My husband, John was still snoring, irritatingly loudly and definitely unattractively in his building and falling breath and wind that every few seconds exploded into a disturbing cacophony of sound that just made me want to scream at him in annoyance and exasperation to… Shut Up!

Big John, because that is what everyone called him, was the man I married or then again perhaps not; he had changed a lot since those former carefree halcyon days when he had been a Quarterback at Northwest and me, a not so innocent, nubile cheerleader, at Georgia State, University.

John was a huge man, 6 feet tall, broad and strong like an ox although, through too much beer and frequent copious amounts of fast food, a lot of his former muscle had now unfortunately and disappointingly turned to unsightly, hanging flab.

He was still quite handsome though, in his own unique way, with his dark hair and ruddy cheeks but undoubtedly the gloss and flush of our original, special relationship had gone, to quote a nautical term, drifting south a while ago!

The first honeymoon after we had married so rashly at only 20 years of age, had been in Florida…mostly at the amusement parks which we both enjoyed immensely although, in retrospect, it had been somewhat juvenile and not in keeping with our eternal aspirations and intentions of a more refined and elite way of life.

We had never quite made that step, yet, to join the real WASPs of Oakland County, but we were Detroit residents through and through and getting there.

John was now doing increasingly well in the building trade and he had organised this 20-year anniversary treat for us, on a very expensive and very exclusive, ocean cruise.

It seemed somehow surrounded by this elegance and opulence that I had found my true place in the world and had finally arrived!

We’d never had children, John never wanted them and I never complained loudly enough that I did, and now at 39 I had well come to terms that such an event was now disappointingly, extremely unlikely ever to happen!
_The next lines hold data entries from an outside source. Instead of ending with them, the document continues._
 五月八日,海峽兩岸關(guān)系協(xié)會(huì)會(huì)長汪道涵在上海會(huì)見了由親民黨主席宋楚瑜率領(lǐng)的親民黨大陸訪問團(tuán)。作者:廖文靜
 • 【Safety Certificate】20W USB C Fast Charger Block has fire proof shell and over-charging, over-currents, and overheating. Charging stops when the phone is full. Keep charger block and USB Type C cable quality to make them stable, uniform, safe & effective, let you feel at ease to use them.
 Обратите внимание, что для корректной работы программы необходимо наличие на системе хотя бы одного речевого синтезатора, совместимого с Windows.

However I had grown to accept that fact, although I often peculiarly felt the loss of something I had strangely never possessed; but we now had some money and I undoubtedly enjoyed the luxury life we were living without the burdensome expense of any offsprings.

I was definitely feeling middle aged or old; rapidly sensed, I was losing my flush of youth and good looks and had to unfortunately acknowledge and accept that I was definitely no spring chicken anymore.
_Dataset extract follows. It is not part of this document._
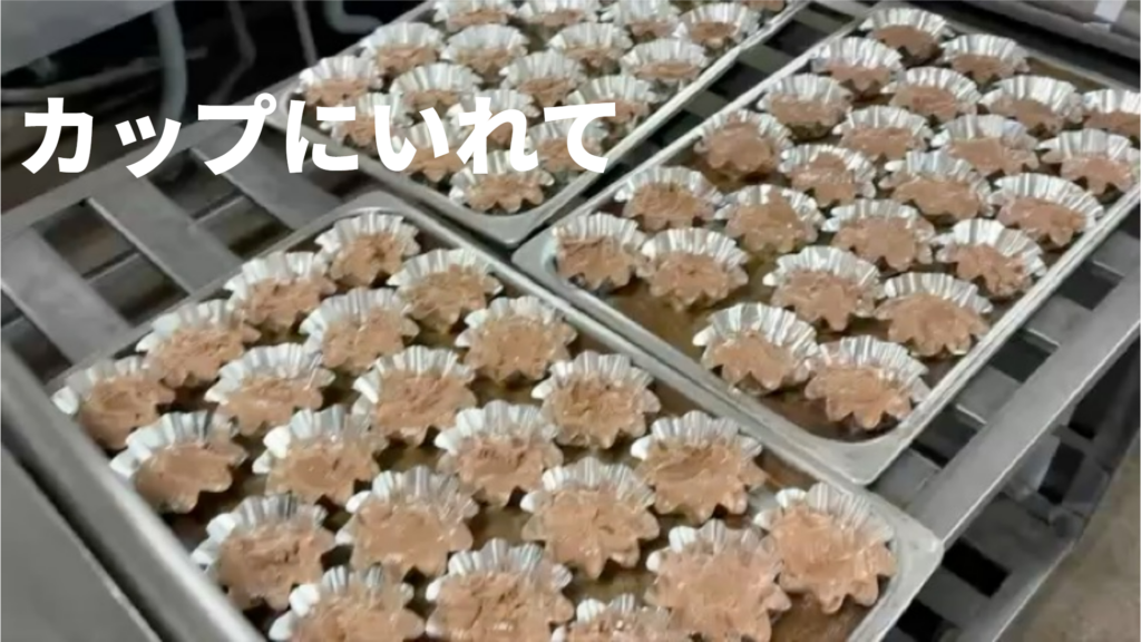 カップケーキを作る調理の様子は動画にして、給食時間にみてもらいました。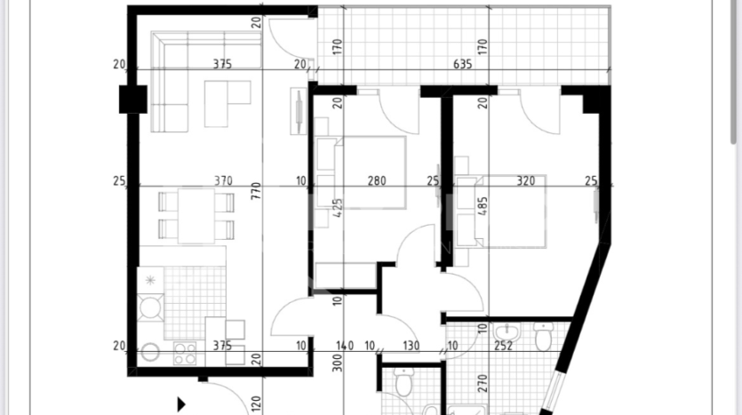 Dvosoban stan 82m2 na prvom spratu.

Instinctively I knew my appearance was not too bad as I still exercised and was careful with food, but the sags, bags and indications of experience were recognisable to me everywhere I looked and inspected, on my tall, slender body.
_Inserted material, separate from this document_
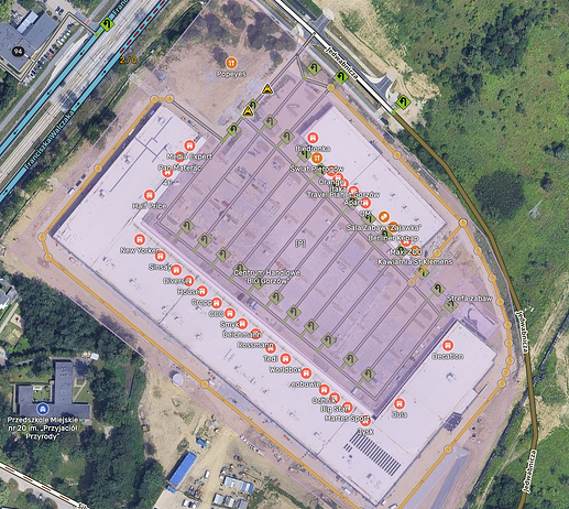 - Dla rozległych, jednopoziomowych Centrów Handlowych umieść Punkty w miarę blisko faktycznej lokalizacji. W ten sposób użytkownik dowie się, w którym miejscu Punkt się znajduje a aplikacja wybierze Parking najbliższy lokalizacji Punktu.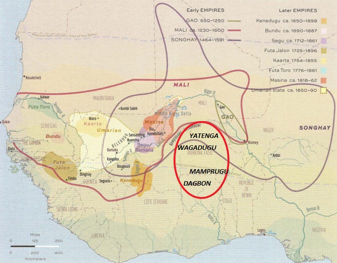 Map showing the Empires of the West African Savannah/Sahel and the Mossi states.

Even my face was increasingly lined but thankfully I still retained something of my former glory and was still pleasing and attractive to the eye.

We’d been on the water for over a week and there was only a further 7 days to go before we returned to Miami and flew back home to the good old centre of the USA’s formerly thriving, car production business.

Our hometown of Detroit had experienced a tough time but we were on the way back and my, Big John was playing his part in rebuilding the old factories and staking our claim in a better future for us there.

There were some wealthy, upper class and elite people on board and it was such a relief and blessing to be surrounded by our own type; unfortunately however there was also a huge, ethnic selection and mixture of people on the boat as well.

Most of the 1st class passengers were really interesting, friendly and well bred, but to be quite mean, brutal, frank and honest a few too many Africans for my liking!

Although they appeared, on the surface, to be wealthy, well to do and even amiable, highly educated and intelligent I knew of course it was just a façade.

I’m not sure if they were real Africans or, to be politically correct as you had to be nowadays, African Americans, but I am sure you understand what I was referring and alluding to and of course the overall, unfortunate picture!